I don't want to work for money anymore. Enough already. I have faith in the rest of you.
Keep at it, please, that GDP isn't going to raise itself.
Instead, I signed up for a class, then another class related to the first class, and so it was that two nights ago I wrapped a performance in a play by a local author.
Not me and I don't have the name handy but I hope it will be me next fall.
It was fun. So much fun I'm doing it all over again. No, don't try to stop me, it's too late.
I'm hooked.
Meryl Streep get out of my way!
Anyway, the original title of this blog entry was going to be "Leaving Normal", and it was the result of being online more than was good for my well-being. We all have our rabbit holes, and mine was increasingly bleak. It's easy to lose perspective, though, which is the real problem for some of us social media users and political junkies. So to save what was left of my sanity, because it's looking pretty... not good... out there, I knew it was time for something completely different.
Real life!
Well, fake real life!
Shakespeare, who I read online the other day may have been plagiarizing Emilia Somebody, was absolutely right. Turns out, the play really IS the thing! Who knew?

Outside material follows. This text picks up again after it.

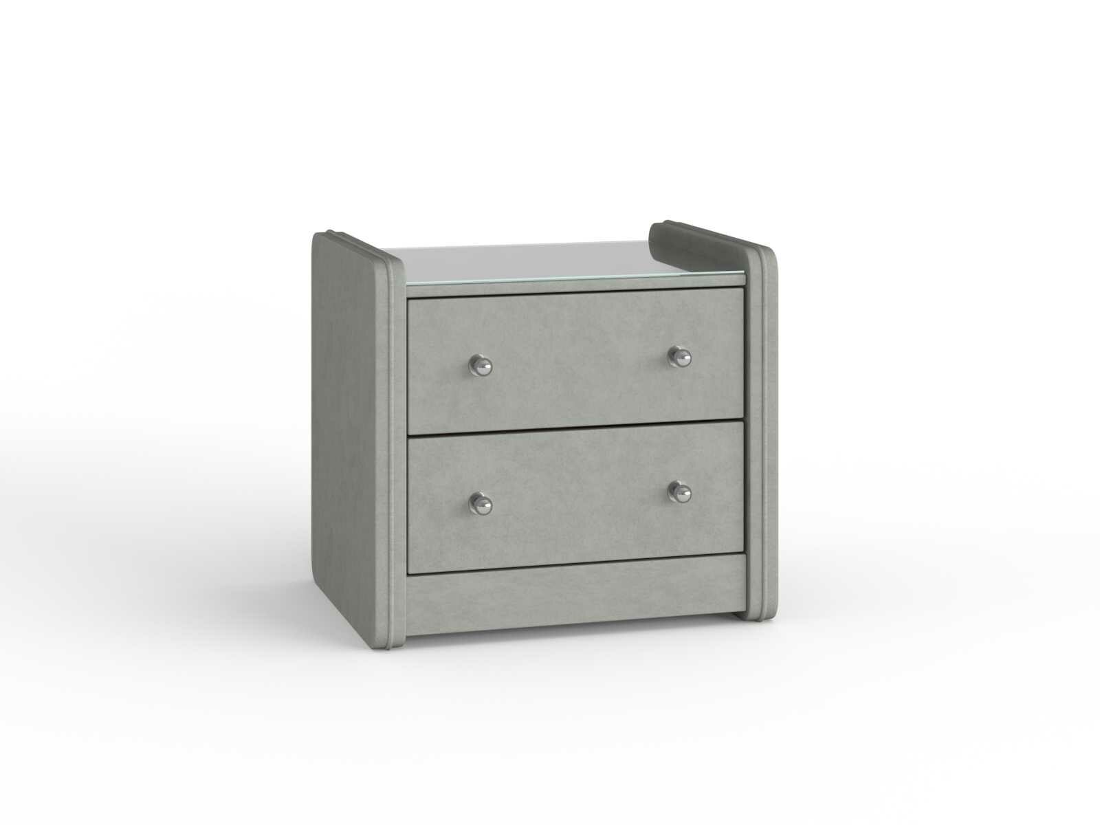 Тумба прикроватная Сандрига выполнена в изысканном классическом стиле. Обивка из высококачественного материала придает мебели особый шарм. Модель легко впишется в современные интерьеры и станет практичным дополнением меблировки спальни. На стеклянной столешнице расположится ночник, книга или чашка чая, а для необходимых под рукой мелочей предусмотрены два выдвижных ящика с ручками.

Originally, my idea was to take the scariest class I could think of, which was Improv. But once started, Improv seemed right up my alley and not scary at all. Meanwhile, an Improv classmate assured me acting would be the fright I was looking for and so I took her advice and signed up for an acting class.
I didn't realize at the time, even though it says so right in the course description, it meant putting on an actual play in front of a live audience, or I never would have done.

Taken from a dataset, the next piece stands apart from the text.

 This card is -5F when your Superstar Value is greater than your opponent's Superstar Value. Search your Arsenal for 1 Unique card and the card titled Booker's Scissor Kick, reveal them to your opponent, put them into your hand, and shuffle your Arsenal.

Also, I really only took it to learn how to adapt my book into a play, not inherit TWO ROLES when two different people dropped out for this or that reason, including the classmate who'd assured me acting would be the fright I was looking for but she'd be there to calm my jitters.
It was. Oh indeed it was. But why didn't I have even an inkling how cool it is to take on a different character and act out a fiction for the sole purpose of entertaining a live audience of friends and family? Times two because two very different characters: An insecure young stage hand who accidentally outs herself during a monologue to the director and an assured and bawdy costume designer paired with an older censorious one trying to outfit the wrong actor for a community theatre production gone off the rails.
Terrifying!
Also, just what I needed, I guess, because I feel so much better than I did going into it all.

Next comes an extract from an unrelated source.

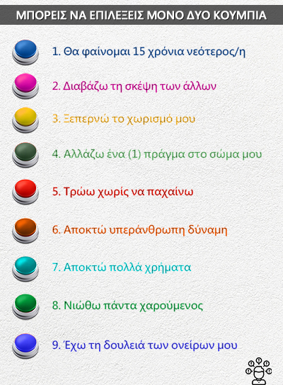 Μάλιστα, δεν χρειάζεται να ονειρευόμαστε μαγικά κουμπιά για να πετύχουμε τους στόχους μας, γιατί τέτοια κουμπιά έχουμε ήδη μέσα στο νου μας. Απλώς δεν τα έχουμε ξεκλειδώσει.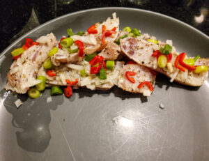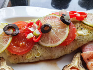 Benodigdheden:1 Pangafilet1 Tomaat1 Limoen1 Zwarte Olijf1 Bosui1/2 Madame Jeanette PeperOlijfolieSanta Maria Lime Pepper voor een heerlijk pittige limoensmaak Voorbereiding:Dep de Pangafilet droog met keukenpapierSnijd de

It's the people, of course, the social interaction, sense of purpose, feeling of accomplishment.
The power of the arts?
And now, bonus, I have a template for turning "That Looks Good on You - You Should Buy It" into a play, the process of which I plan to blog on Kathryn Writes Here so it actually happens.
(The play's the thing but only because the audience is REALLY the thing.)
So stay tuned. In the meantime, get out there and be with other people in whatever capacity you can. Hell is us, yes, we can be, sometimes. More often, though, we're the antidote to it all.
Finally, a fun story about men vs women that sums up a lot of our (women's) suffering while men live out their lives reasonably content to be anywhere at all while not doing much of anything.
A fellow improvisor asked me what I was doing for Christmas. After a long involved story of explanations, rationalizations and justifications as to why I basically don't do anything for Christmas anymore (oh except for making a grabillion dollars and hours of labour worth of organic granola to give as presents) I returned the favour and asked him what he was doing for Christmas.
"Nothing", he answered.
It was during a break in our Improv class, ffs - I could've gone with, "Christmas? Wtf is Christmas??"
Oh well, lesson learned. I'm sure there will be a next time.
Until then, though, have a Merry Merry and Happy Happy!